Initiatives: le TF siffle la fin des "produits promotionnels" contraires au droit

La politique est un terrain de jeu où l'on peut malheureusement trop souvent dire n'importe quoi, voire faire n’importe quoi, pour être élu, attirer des électeurs et plaire aux médias. On peut même faire signer des initiatives cantonales qui violent de manière évidente le droit fédéral. Et puis après? On se plaint d’un déni démocratique si l’initiative ne peut être soumise au vote. Mais peu importe, aux yeux de certains. On a eu un produit promotionnel et c'est tout ce qui compte. Heureusement, cette poudre aux yeux ne dure pas et ne doit pas durer. Au bout du compte, le Tribunal fédéral doit veiller au respect du droit et garantit ainsi l’usage d’une démocratie si enviée. Je ne peux que m'en réjouir.

Vendredi dernier, le quotidien "24 heures" relatait que l'initiative des socialistes dite "pour un rabais d'impôt qui protège les assurés plutôt que les actionnaires" avait été définitivement invalidée par le Tribunal fédéral. Déposé en septembre 2009, le texte proposait ni plus ni moins que de permettre à certains contribuables vaudois de bénéficier d'une double déduction de leurs primes d'assurance maladie.

"Génial, tout le monde souhaite payer moins d'impôts! Où est le problème?", diront beaucoup. Et bien le problème, c'est que la loi sur l'harmonisation des impôts directs (LHID) ne le permet pas. La Chambre vaudoise du commerce et de l'industrie (CVCI) l'a signalé dès le départ, de concert avec les autres organisations économiques du canton. Un avis de droit d'un professeur reconnu pour ses compétences en matière de fiscalité démontrait par A + B que cette initiative ne respectait pas le droit fédéral.

Qu'à cela ne tienne! En 2010, au Grand Conseil, la présidente du parti socialiste vaudois mettait en doute le sérieux de cette expertise. Elle assurait qu'il émanait d'un avocat "payé" par les milieux économiques "pour faire des allégations juridiques qui peuvent tout à fait être contestées"…  

Et bien non, on ne peut pas dire n'importe quoi! Après invalidation du texte par le Grand Conseil en 2010, puis plusieurs recours des socialistes, le Tribunal fédéral l'a aussi invalidé sans laisser planer la moindre contestation. Il suit les arguments de la CVCI et de ses partenaires à 100%. Les initiants sont déboutés sur toute la ligne.
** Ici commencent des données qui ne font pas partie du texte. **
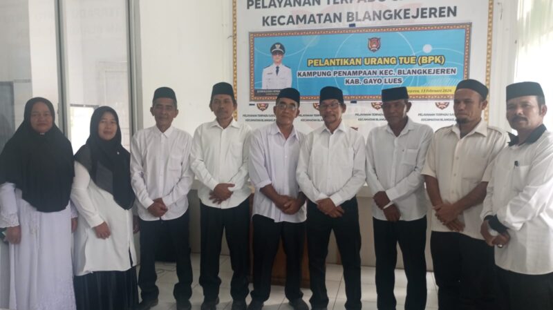 GAYO LUES | Pelantikan Tujuh Anggota Urang Tue Kampung Penampaan, Kecamatan Blangkejeren, Kabupaten Gayo Lues, resmi dilaksanakan pada Kamis, 13 Februari 2026, pukul 15.00 WIB di Kantor Camat Blangkejeren. Prosesi pelantikan dilakukan oleh Camat Blangkejeren atas nama Bupati Gayo Lues dan dihadiri oleh unsur Musyawarah Pimpinan Kecamatan (Muspika), aparatur pemerintah kampung, serta tokoh-tokoh masyarakat setempat.
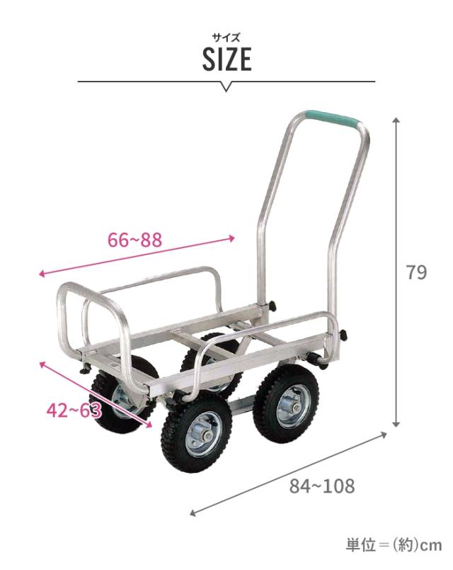 | [荷台サイズ]約幅42〜63×奥行66〜88cm 全長84〜108×高さ79cm |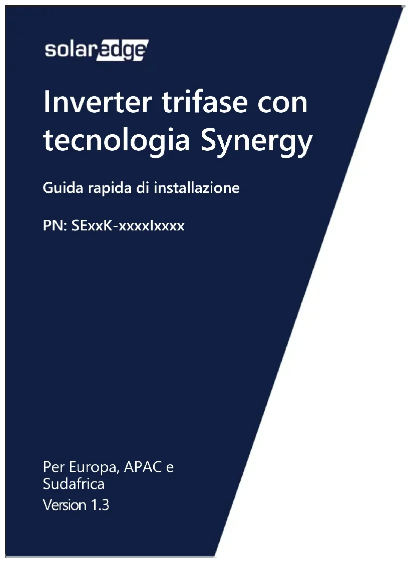 Signification des voyants 18Coordonnées de l'assistance technique: Si vous rencontrez des problèmes techniques concernant les produits SolarEdge, veuillez nous contacter: https://www.solaredge.com/service/support Sujet à changement sans préavis. Copyright © SolarEdge Inc. Tous droits réservés. Mars 2021.Inverter trifase con tecnologia Synergy Guida rapida di installazione PN: SExxK-xxxxIxxxx Per Europa, APAC e Sudafrica Version 1.3NOTA Questo simbolo indica delle informazioni volte ad aiutare l'utente nel fare un uso ottimale del prodotto. Questo simbolo appare sui punti di messa a terra indicati nei manuali e nelle apparecchiature SolarEdge. ATTENZIONE! Indica un rischio. Richiama l'attenzione su una procedura che, se non eseguita correttamente o rispettata, potrebbe provocare danni o distruzione del prodotto. Non ignorare i messaggi di attenzione finché le condizioni indicate non siano state perfettamente comprese e rispettate. Portare su ON/OFF il sezionatore CA principale e attendere 5 minuti AVVERTENZA! Indica un rischio. Richiama l'attenzione su una procedura che, se non eseguita correttamente o rispettata, potrebbe provocare lesioni anche fatali. Non procedere oltre un'avvertenza finché le condizioni indicate non siano state perfettamente comprese e rispettate. Portare su ON/OFF il sezionatore di sicurezza CC sul Synergy Manager e attendere 5 minuti (Applicabile solo per i modelli con sezionatore di sicurezza CC) Non tagliare i connettori dei cavi

On peut en tout cas tirer deux constats très réjouissants de cette saga juridico-politique:

1° Le Tribunal fédéral a désormais tracé une ligne rouge: une initiative mal fichue dont une partie ne peut pas être validée peut finir dans la poubelle. En l'occurrence, le TF a estimé qu'il n'était pas possible de faire voter sur le seul volet de la suppression des baisses fiscales, décidées en février en 2009, en faveur des actionnaires et des entreprises. Car les socialistes avaient présenté cette mesure comme le moyen de financer le rabais d'impôt à tous les contribuables dont les primes d'assurances maladie dépassent les 10% de leurs revenus.  Une initiative n'est pas une carte de menu, un simple produit d'appel, dont on peut retirer des plats sans crier gare. On ne peut pas (ou plus) faire n'importe quoi, j'y reviens.

2° L'initiative étant invalidée, la fiscalité des entreprises vaudoises ne risque pas d'être péjorée. N'en déplaise aux initiants, c'est une excellente nouvelle pour les contribuables qu'ils prétendent défendre, car l'emploi en sort gagnant. Avec la crise de la dette, la concurrence des marchés émergents et le franc fort, les entreprises ont en effet suffisamment de défis à relever sans qu'il soit nécessaire de rajouter des problèmes.